8. In the third transaction of the gift of the house to the wife also, the transaction of lease in favour of the firm where the decease was a partner, has no relation to the gift itself and it was for the consideration of payment of a rent, as in other normal business transactions, In the circumstances, therefore, s. 10 is not applicable to any of the three types of transactions in this case. We, accordingly, answer the following three question referred to us in the negative and against the revenue.
'(1) Whether, on the facts and the circumstances of the case, the Tribunal was justified in upholding the inclusion, under section 10 of the Estate Duty Act in the assessment made, the gifts, aggregating to Rs. 20,000 made by the decease to his, daughter on February 9, 1962, and February 27, 1962.
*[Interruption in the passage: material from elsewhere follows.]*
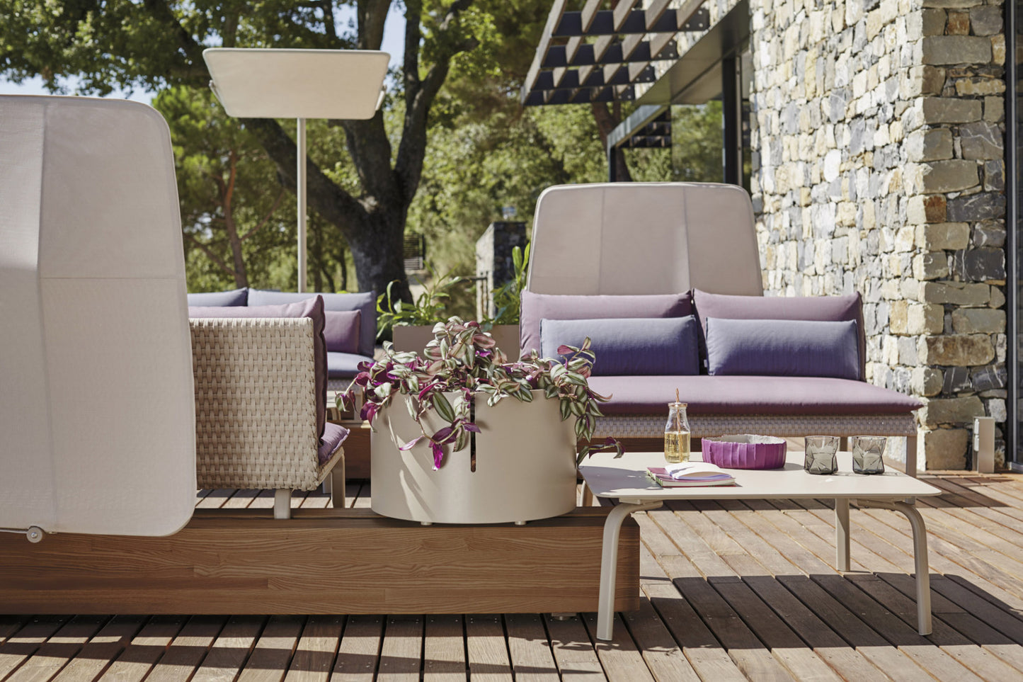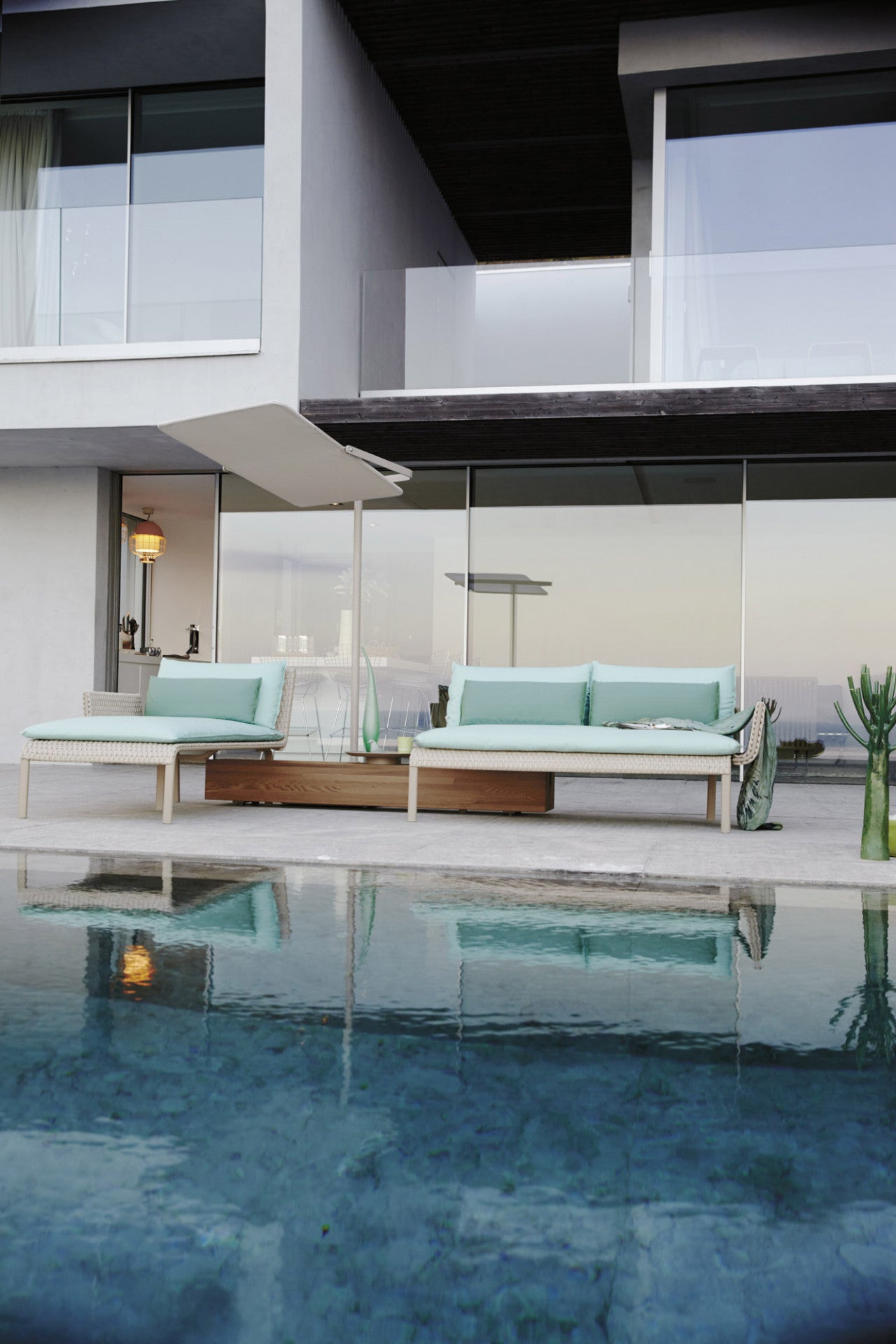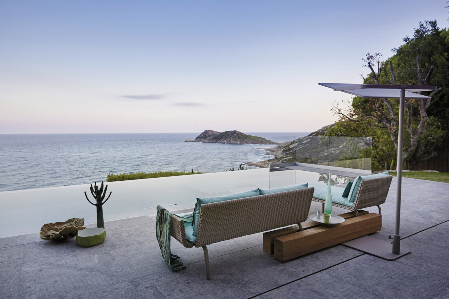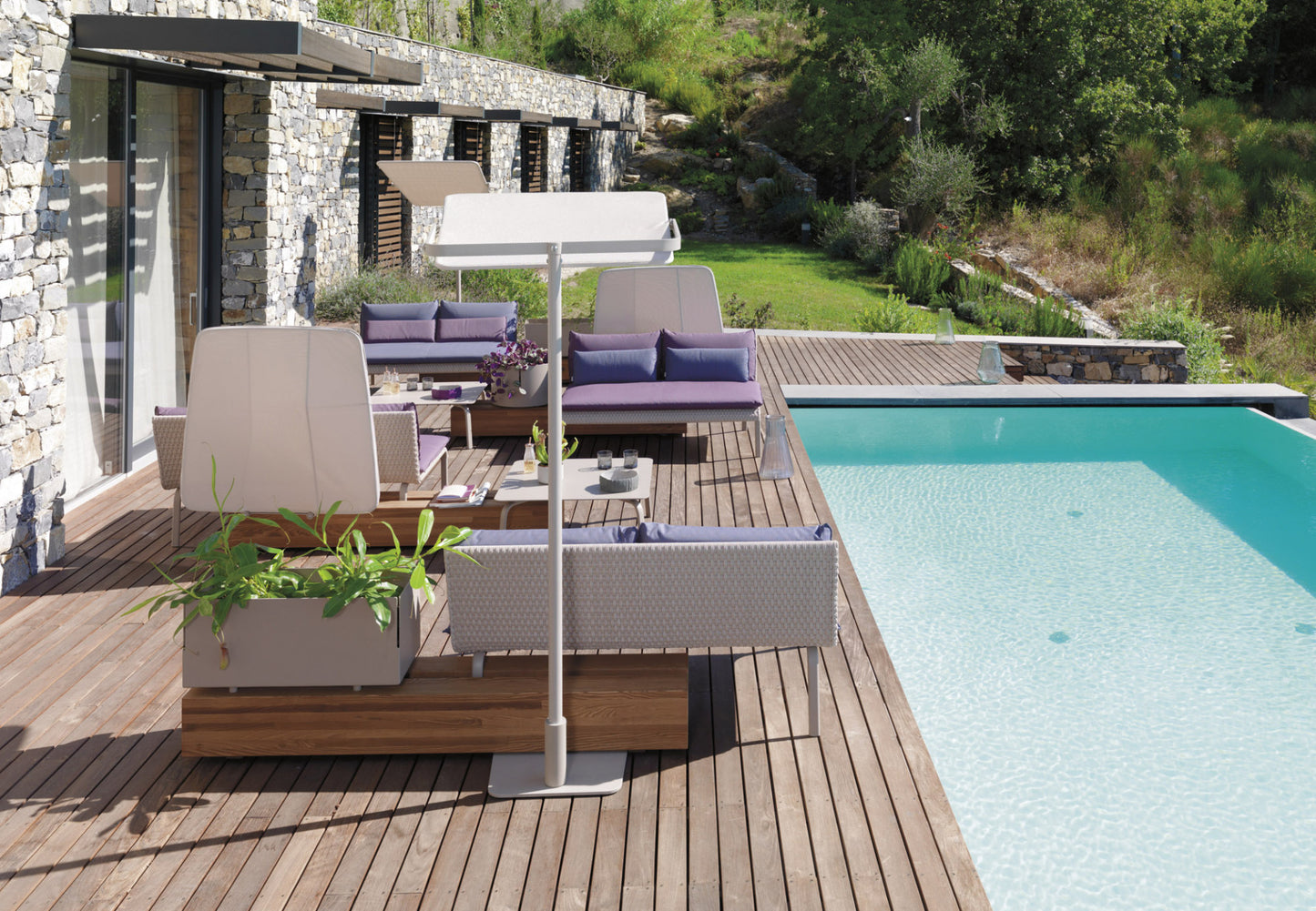 description | Sunshade, stainless steel and aluminum frame with Polyscreen textile. Geometric and essential, this sunshade is vertically adjustable and can be easily combined within the outdoor compositions. Ideal for contract projects, it is suitable as well for residential fittings, giving a touch of simple elegance to pool and relax areas. |

(2) Whether on the facts and in the circumstances of the case, the Tribunal was justified in upholding the inclusion under s. 10 of the Estate Duty Act in the assessment made, of the value of lands amounting to Rs. 1,03,640 gifted by the deceased to his sons and
(3) Whether, on the facts and in the circumstances of the case, the Tribunal was justified in upholding the inclusion, under section 10 of the Estate Duty Act in the assessment, of an amount of Rs. 36,000 relating to the value of the house property situated at No. 14, Palakarai, Trichy, which was gifted by the deceased on January 15, 1959, to his wife ?'
9. The accountable persons will be entitled to his costs. Counsel's fee, Rs. 500.